Friday, October 29, 2010

Analysis Techniques

Now and again, it's a good idea to revisit old thoughts and ideas, to dredge them up again and expose them to the light of day. One of the things that I have spent a lot of time thinking about is the analysis techniques that I'm using during examinations, and in particular taking a step forward and seeing how those techniques stack up against some of the threats and issues that are being seen.

First, a caveat...a lot of what I think (and sometimes talk) about focuses on disk analysis. This is due to the realities of the work I (and others) do. Was a responder, many times, all I have access to is a disk image. Or, as is often the case now, I focus on disk analysis because I'm part of a team that includes folks who are way smarter and far more capable than I am in network, memory and malware analysis. So the disk stuff is a piece of the puzzle, and should be treated as such, even if it's the only piece you have.

So, there are a couple of general techniques I tend to use in analysis, and I often start with timeline analysis. This is a great analysis technique to use due to the fact that when you build a timeline from multiple data sources on and from within a system, you give yourself two things that you don't normally have through more traditional analysis techniques...context, and a greater relative level of confidence in your data. By context, we aren't simply seeing an event such as a file being created or changed...we're seeing other surrounding events that can (and often do) indicate what lead to that event occurring. The multiple data sources included in a timeline provide a great deal of information; Event Logs may show us a user login, Registry contents may provide additional indications of that login, we may see indicators of web browsing activity, perhaps opening an email attachment, etc...all of which may provide us with the context of the event in which we are most interested.

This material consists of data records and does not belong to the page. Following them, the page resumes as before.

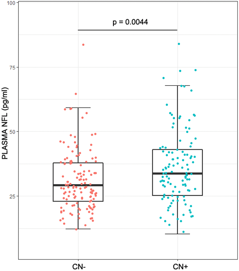Blood samples were collected, processed, aliquoted, and frozen at -80°C according to standardized procedures. Plasma NFL concentrations were measured on an ultrasensitive single-molecule array platform with a home brew kit (Simoa Homebrew Assay Development Kit; Quanterix Corporation) using the same methodology as described previously [25]. The assay used a combination of monoclonal antibodies and purified bovine NFL as a calibrator. The relative error of the blank calculated concentrations was below 20% for all calibrators, run in triplicate, resulting in lower limits of quantifications of 2.2 pg/ml and upper limits of quantification of 1620 pg/ml. All samples measured within the range spanned by the limits of quantifications, and for the low quality control samples with a concentration of 14 pg/ml, the intra-assay coefficient of variation was 11.0% and intermediate precision was 11.1%. For the high-concentration quality control samples with a concentration of 137 pg/ml, the intra-assay coefficient of variation was 8.8% and intermediate precision was 9.6%. The measurements were performed in September 2016.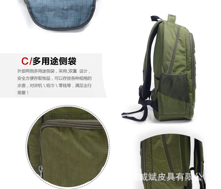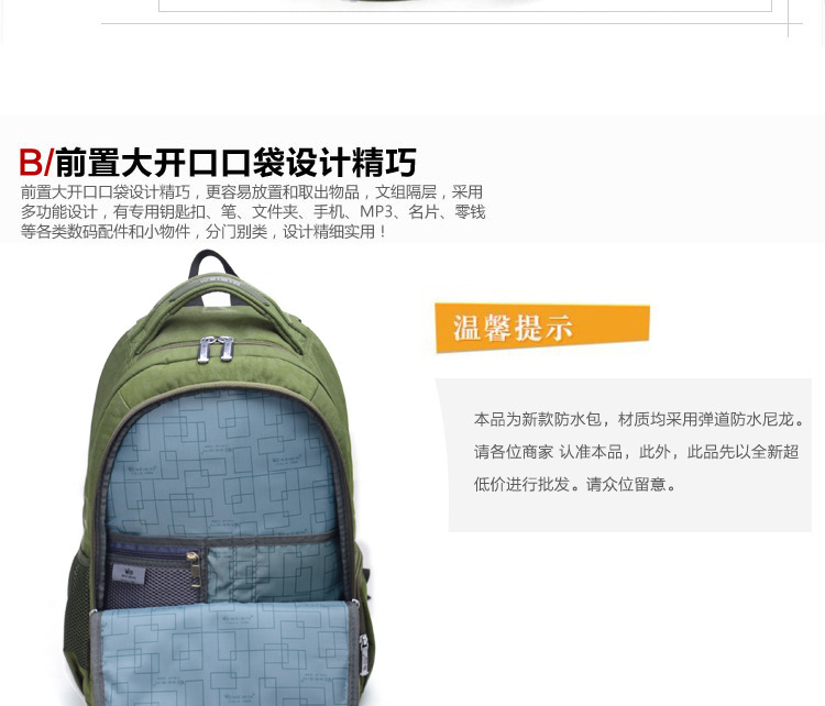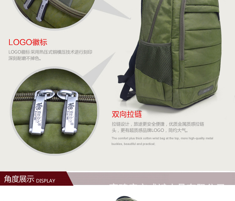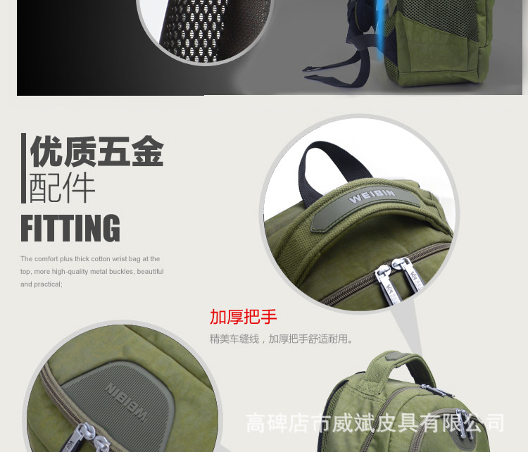 采用尼龍面料,具有防水功能,極其富有質感,做工精致,每一個細節都體現了威斌的不凡魅力。豪華精致的做工與設計搭配富有品位的您,適合任何場合。威斌箱包極盡奢華之設計,顯示您尊榮華貴的象征,體現與眾不同的氣質!讓您脫穎而出,備受注目!此包包人性化,多功能設計,讓您帶著輕松愉快的心情工作休閑!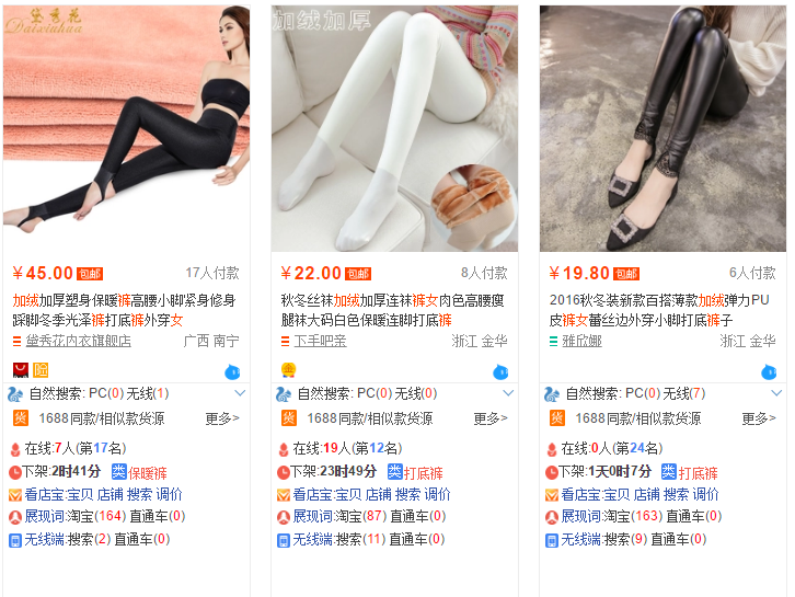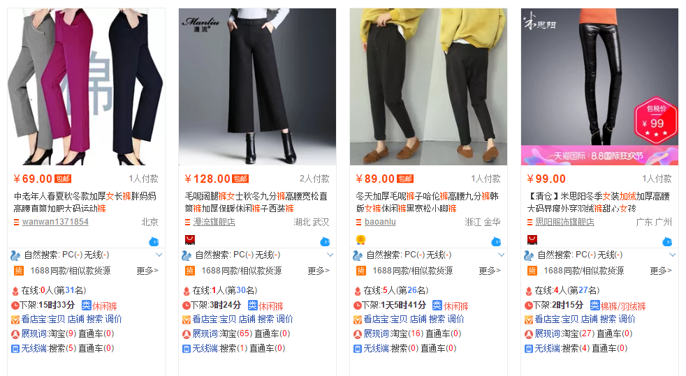 很明显,是左边第二张,因为消费者搜索的是“加绒裤女”,他希望看到的是一条加绒的裤子,虽然以上三个产品标题都有“加绒”,但是只有左边第二张主图展示了加绒,其他三张只是简单的展示产品的款式,很明显不符合消费者第一需求。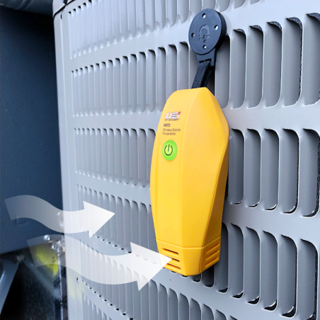 Sonda de temperatura exterior inalámbrica para medir la temperatura en la unidad condensadora y realizar cálculos de sobrecalentamiento objetivo en tiempo real cuando se utiliza en combinación con las sondas HUB.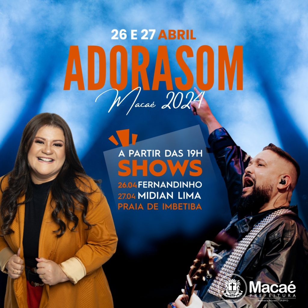 Sucesso em sua primeira edição em 2023, o AdoraSom volta aos palcos da Imbetiba nos dias 26 e 27 de abril. Os cantores Fernandinho e Midian Lima são as atrações confirmadas na programação que envolve fé, louvor e adoração.

As to the overall relative level of confidence in our data, we have to understand that all data sources have a relative level of confidence associated with each of them. For example, from Chris's post, we know that the relative confidence level of the time stamps within the $STANDARD_INFORMATION attributes within the MFT (and file system) is (or should be) low. That's because these values are fairly easily changed, often through "time stomping", so that the MACB times (particularly the "B" time, or creation date of the file) do not fall within the initial timeframe of the incident. However, the time stamps within the $FILE_NAME attributes can provide us with a greater level of confidence in the data source (MFT, in this case). By adding other data sources (Event Log, Registry, Prefetch file metadata, etc.), particularly data source whose time stamps are not so easily modified (such as Registry key LastWrite times), we can elevate our relative confidence level in the data.

Another aspect of this is that by adding multiple sources, we will begin to see patterns in the data and also begin to see where there are gaps in that data.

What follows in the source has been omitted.